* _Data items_
——————————

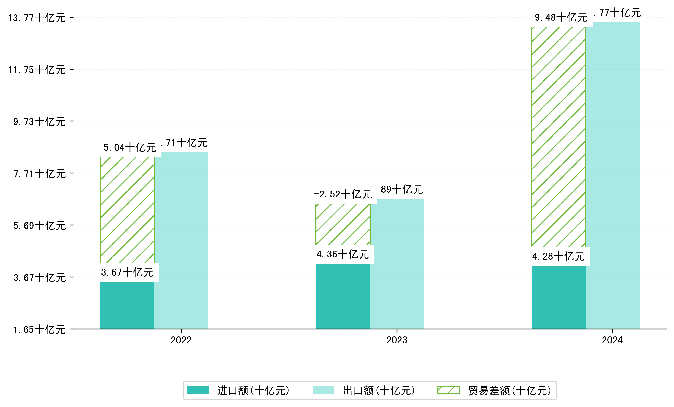 以美元计,2024年1-9月株洲市贸易差额为13,3390,2643万美元(贸易顺差),相比上年同期增加了9,7435,3153万美元,同比增加270.99%。
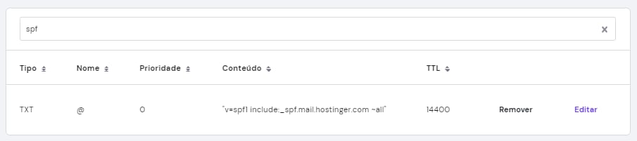 Para domínios que estão apontando para a Hostinger pelos nameservers (servidores DNS), o registro SPF é adicionado automaticamente por padrão. Você pode encontrar esse registro no Editor de Zona DNS ao inserir “spf” no campo de pesquisa:
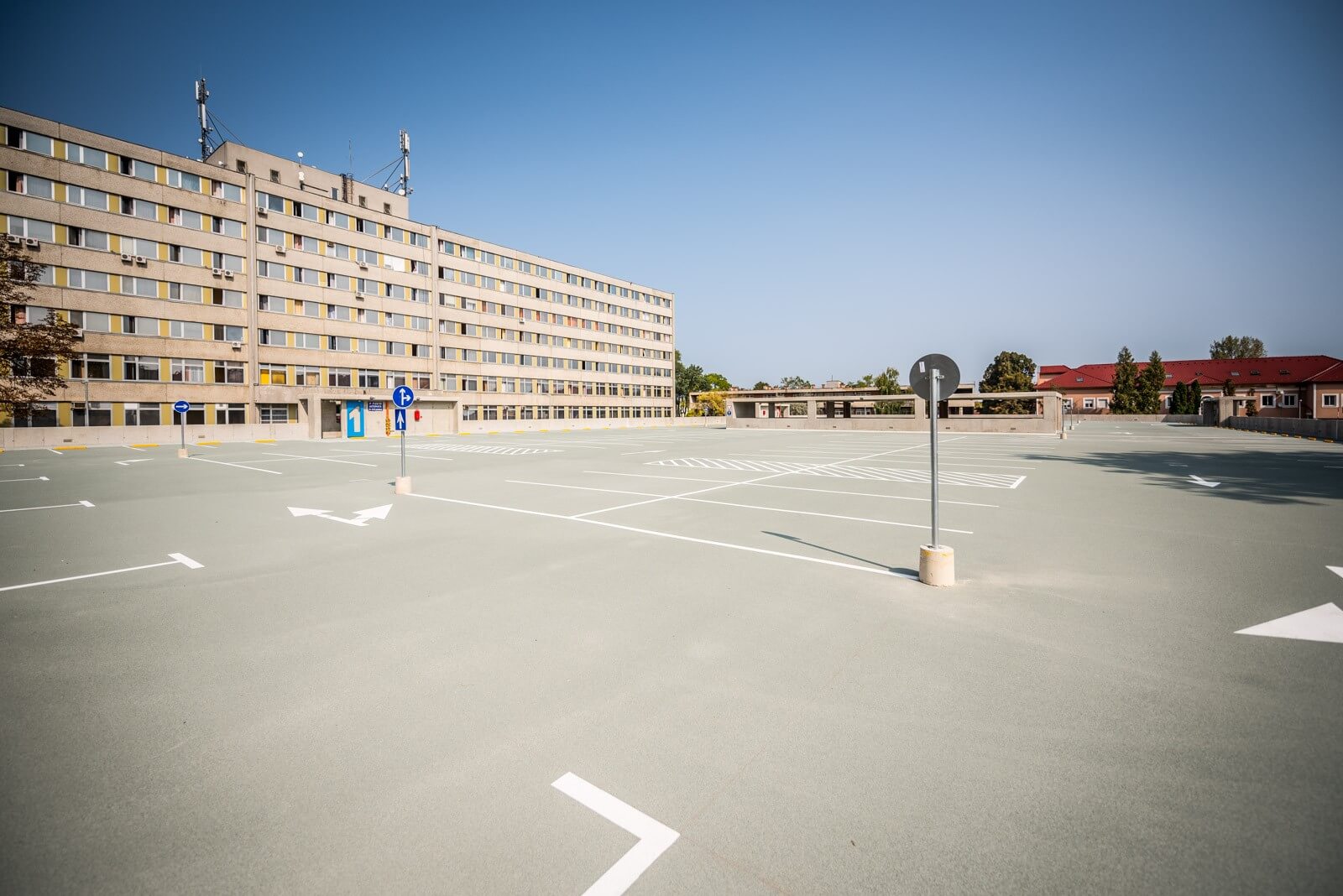 A kétszintes parkolóházhoz egy 50 köbméteres tűzivíz tároló és egy 50 négyzetméteres nyitott közlekedő is épült. A korábban 241 parkolóhellyel rendelkező intézmény komoly férőhelyproblémákkal küzdött, ezt oldotta meg az új épület.
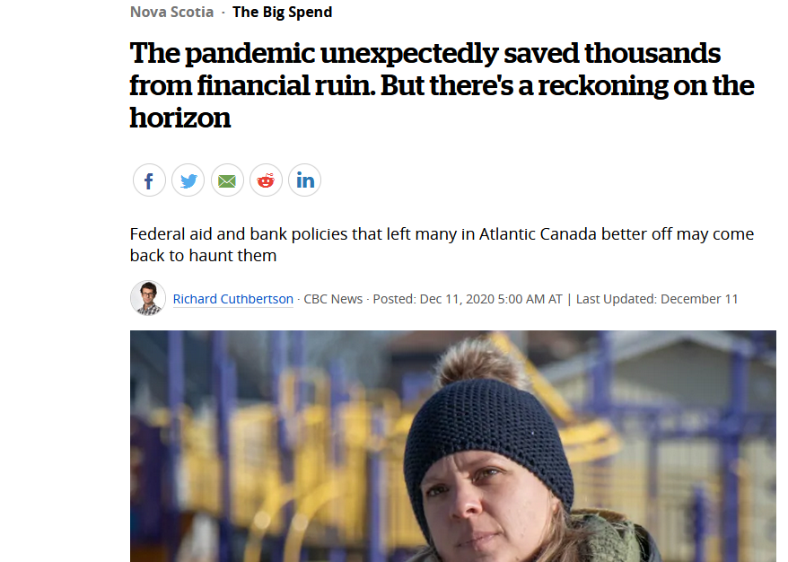This article talks about the financial worries Canadians are facing as the pandemic and government supports lift.
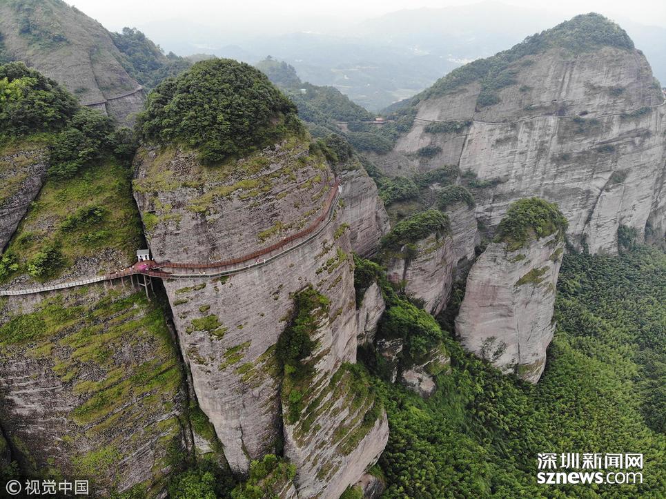 深圳新聞網(wǎng)訊 2018年6月19日,航拍江西贛州南武當山百米高空玻璃棧道。棧道緊貼峭壁,在懸崖之上凌空蜿蜒穿行,猶如一條玉龍盤旋在綠林石海之中。 南武當山位于江西最南端的龍南縣武當鎮(zhèn)境內(nèi),景區(qū)核心面積達到13.5平方公里,擁有99座千姿百態(tài)的巍峨石峰,丹霞地質(zhì)風貌突出,連綿十里,被稱為“武當十里畫廊”。
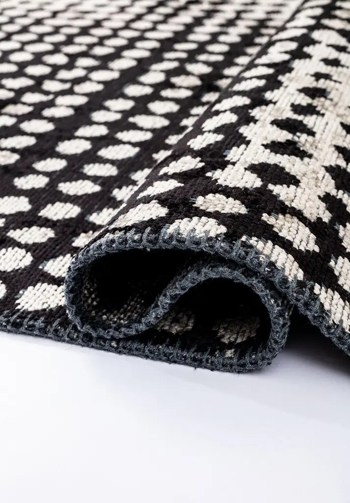 Postmodern Moroccan Berber Pattern Black And Silver Beige Abstract Rug No Fringe
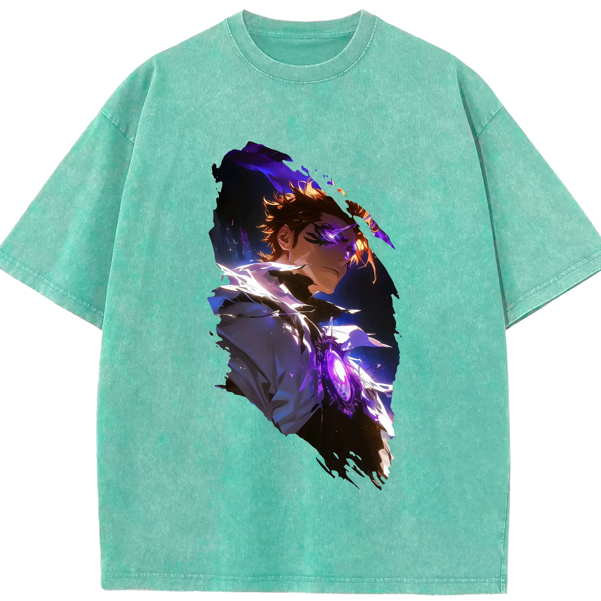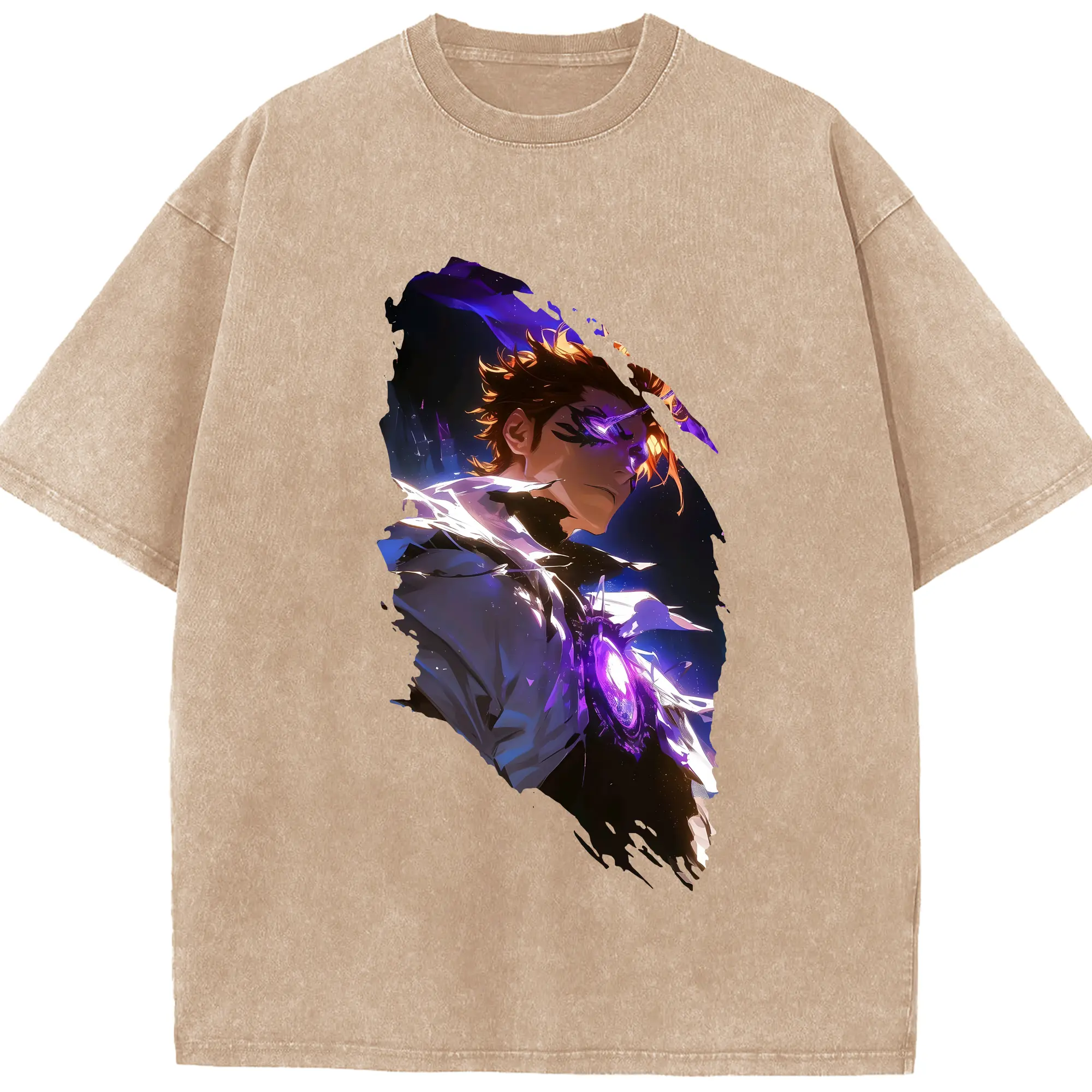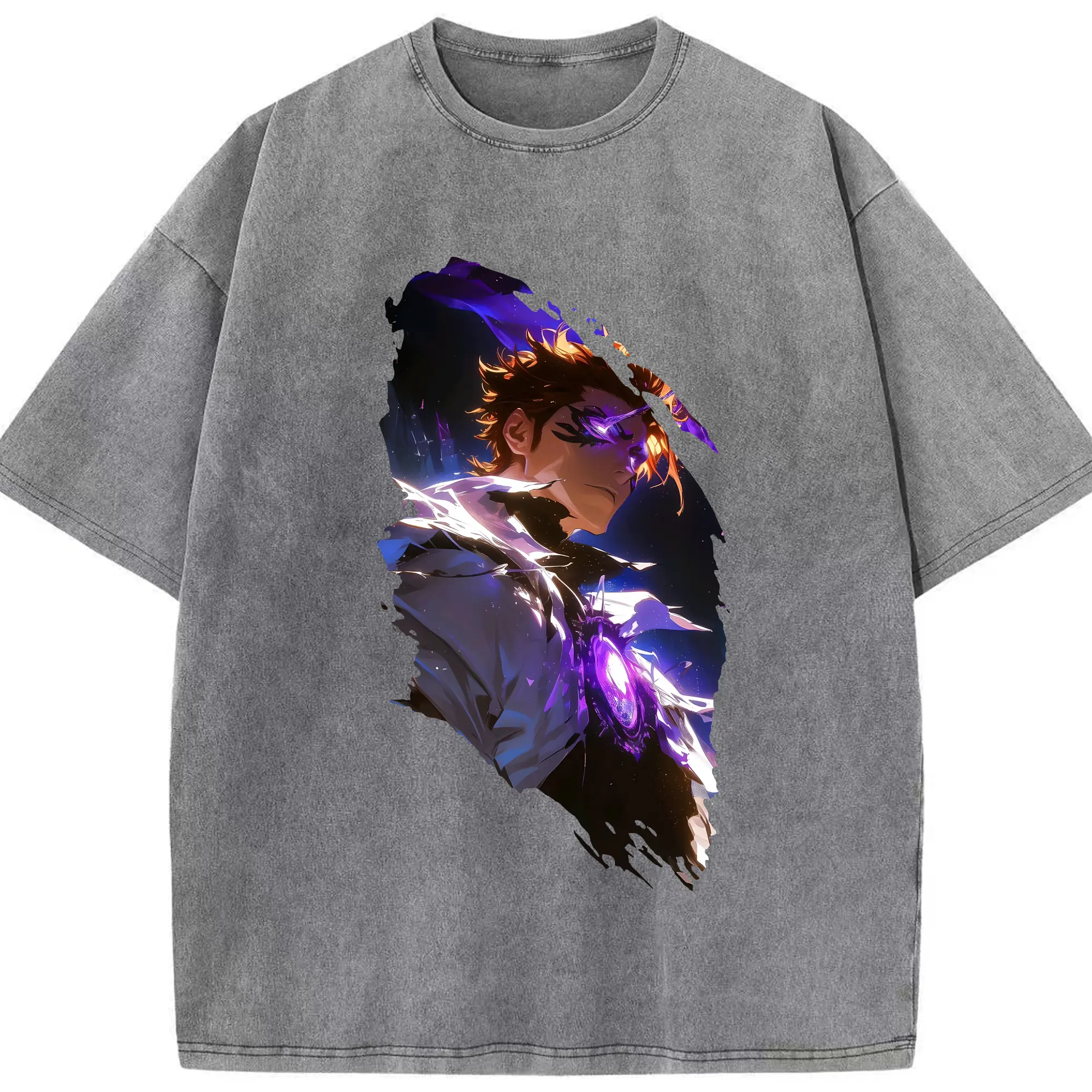 ブリーチ グッズ 藍染 惣右介 - 綿100% ヴィンテージ風 半袖Tシャツ ・ 背面プリント ・ 柔らか肌触り ・ 通気性 快適 ・ スポーツ カジュアル 外出用
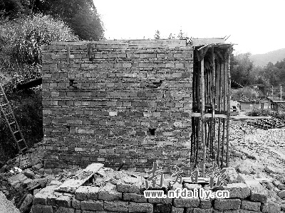 重建第一天,让他最担心的事情就出现了,施工方的做法让廖国军有些瞠目结舌。建筑商竟然没有打任何地基就开始在平地上直接砌墙,“这简直就是猪舍的盖法”。在廖国军的坚持下,施工方才勉强同意在墙体的交界处打上了水泥地基。
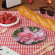 Frühlingsblüten mit doppeltem Rot und weißem Azale Pappteller
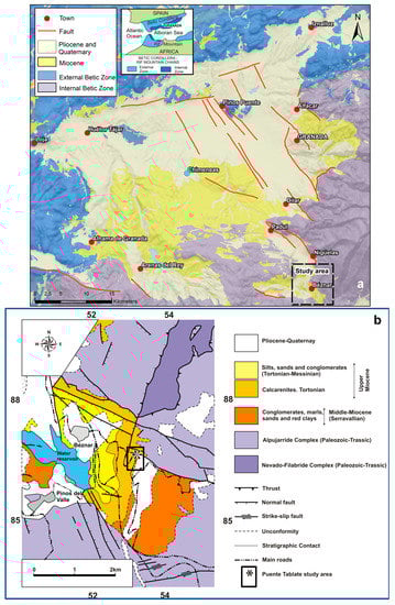 (a) Geological sketch of the Granada Basin and the Betic Cordillera, southern Spain. (b) Geological map of the study area. Location of the area is indicated in (a). Modified from Sanz de Galdeano [71].
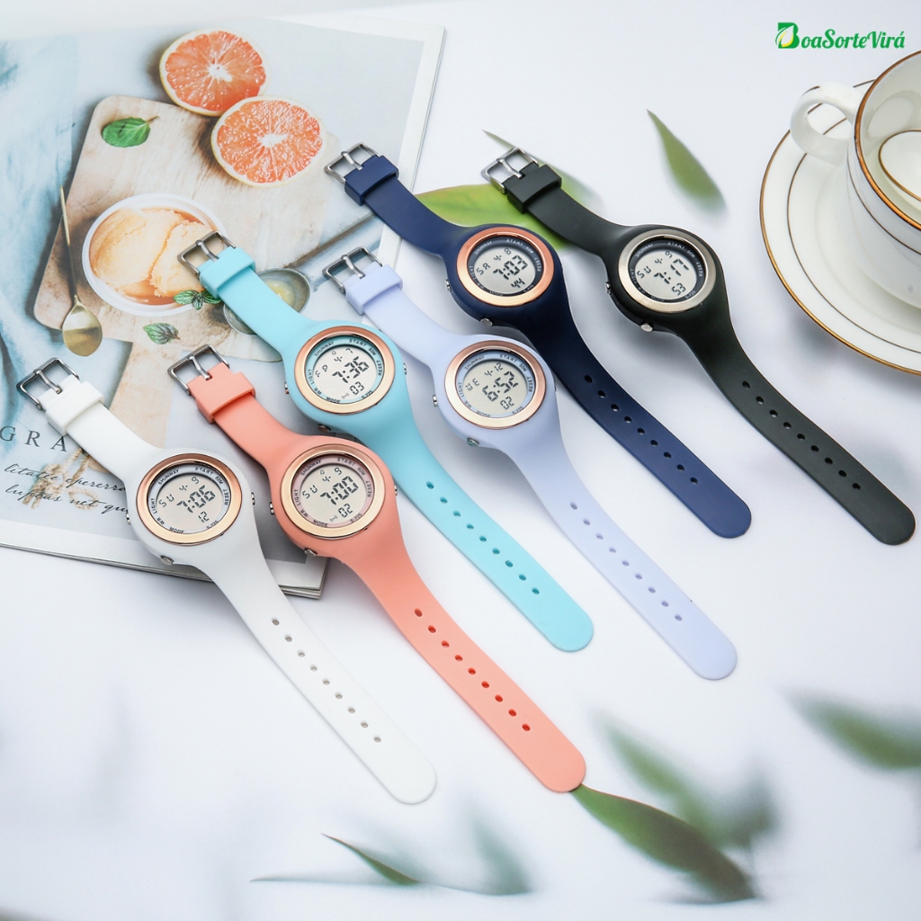 Relógio De Casal Aprova D'água Redondo LED Relógio Feminino Digital Original Eletrônico Unissex

——————————

Pictures are to be dropped; the lines from the start of the entries above through the line with "ブリーチ グッズ 藍染" are to be given again verbatim.

* _Response box_
 以美元计,2024年1-9月株洲市贸易差额为13,3390,2643万美元(贸易顺差),相比上年同期增加了9,7435,3153万美元,同比增加270.99%。
 Para domínios que estão apontando para a Hostinger pelos nameservers (servidores DNS), o registro SPF é adicionado automaticamente por padrão. Você pode encontrar esse registro no Editor de Zona DNS ao inserir “spf” no campo de pesquisa:
 A kétszintes parkolóházhoz egy 50 köbméteres tűzivíz tároló és egy 50 négyzetméteres nyitott közlekedő is épült. A korábban 241 parkolóhellyel rendelkező intézmény komoly férőhelyproblémákkal küzdött, ezt oldotta meg az új épület.
This article talks about the financial worries Canadians are facing as the pandemic and government supports lift.
 深圳新聞網(wǎng)訊 2018年6月19日,航拍江西贛州南武當山百米高空玻璃棧道。棧道緊貼峭壁,在懸崖之上凌空蜿蜒穿行,猶如一條玉龍盤旋在綠林石海之中。 南武當山位于江西最南端的龍南縣武當鎮(zhèn)境內(nèi),景區(qū)核心面積達到13.5平方公里,擁有99座千姿百態(tài)的巍峨石峰,丹霞地質(zhì)風貌突出,連綿十里,被稱為“武當十里畫廊”。
 Postmodern Moroccan Berber Pattern Black And Silver Beige Abstract Rug No Fringe
 ブリーチ グッズ 藍染 惣右介 - 綿100% ヴィンテージ風 半袖Tシャツ ・ 背面プリント ・ 柔らか肌触り ・ 通気性 快適 ・ スポーツ カジュアル 外出用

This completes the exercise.